The following fields are used for Taxonomic Reference Set Submission:

  • Name (MANDATORY) - A short descriptive name for your dataset

  • Study (MANDATORY) - A valid INSDC Study accession

  • Description (MANDATORY) - A description of the dataset

  • Taxonomy System (MANDATORY) - The database or authority defining the taxon names used in your metadata table. ‘NCBI’ or ‘NCBI Taxonomy’ is preferred

  • Taxonomy System Version (OPTIONAL) - The version of the taxonomy system defined above, if applicable

  • FASTA (MANDATORY) - The gzipped FASTA file containing your sequence records

  • TAB (MANDATORY) - The gzipped TSV file containing your sequence metadata

  • CUSTOMFIELD (OPTIONAL) - Custom headers you may have included in your sequence metadata table

It should be clear from the name and description what the theme of you dataset is (e.g. ITS1 sequences, 16S sequences, a specific clade). The name must always be unique among submissions from your account.

The taxonomy system field should specify which authority your taxon names and lineages conform to. Values ‘NCBI’ or ‘NCBI Taxonomy’ are preferred and are mandatory if you intend to include NCBI taxon IDs. However, any database may be specified here. You can clarify a version/release number with the taxonomy system version if you wish.

You may include custom field rows in the metadata record. These define and describe additional headers used in your sequence metadata table. Additional table headers and custom field entries must exactly match each other. Separate the header and description with a colon (e.g. Name1:Description1).

An example manifest follows:

NAME 16S Database Sequences
STUDY ERP999999
DESCRIPTION Set of reference 16S sequences as collected by 16S Database
TAXONOMY_SYSTEM NCBI
FASTA 16s_db_seqs.fasta.gz
TAB 16s_db_info.tsv.gz
CUSTOMFIELD header_name:description of column purpose

Download a blank manifest for your use here: tax_ref_set_example_manifest.txt

Sequence Record

The sequence data component of the submission, this is a multi-FASTA file containing marker sequences, such as ITS1 or 16S. It should have been made clear in the metadata record what to expect here.

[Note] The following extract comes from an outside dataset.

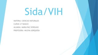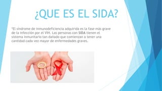 El documento resume el VIH y el SIDA, explicando que el VIH ataca el sistema inmunitario y puede causar SIDA si no se trata. No tiene cura actualmente. El tratamiento implica medicamentos antirretrovirales que reducen la cantidad de virus. Se transmite principalmente a través de relaciones sexuales sin protección o contacto con sangre infectada. La prevención incluye el uso correcto de preservativos y mantener una relación monógama con parejas no infectadas.

The ID lines must begin with a sequence identifier unique to each record and matching an identifier in the sequence metadata table. It is acceptable to use an INSDC accession here. If you wish to include further details about the sequence here, separate them from the identifier with a ‘|’ character:

>ITS1DB00588027|162468|Steinernema abbasi|ITS1 located by ENA annotation, 267bp

Any valid nucleotide character is accepted, blank lines will not be accepted. Sequence lines must conform to the regular expression:

^[ATCGactgRYSWKMBDHVryswkmbdhvNn]*$

The ID and sequence must each occupy a single line. An odd number of lines in a FASTA file is considered an error.

Sequence Metadata Table

This is a TSV-format file containing metadata for each individual sequence. Six mandatory columns are defined. All six must always be present, but some may contain null values:

  • local_identifier (NOT NULL) - Must exactly match an identifier in the FASTA

  • insdc_sequence_accession (null allowed) - Must be a valid INSDC sequence accession

  • insdc_sequence_range (null if INSDC accession is) - Must be a valid INSDC location string (e.g. “<21..<235”, regex: “^<?d+..>?d+$” )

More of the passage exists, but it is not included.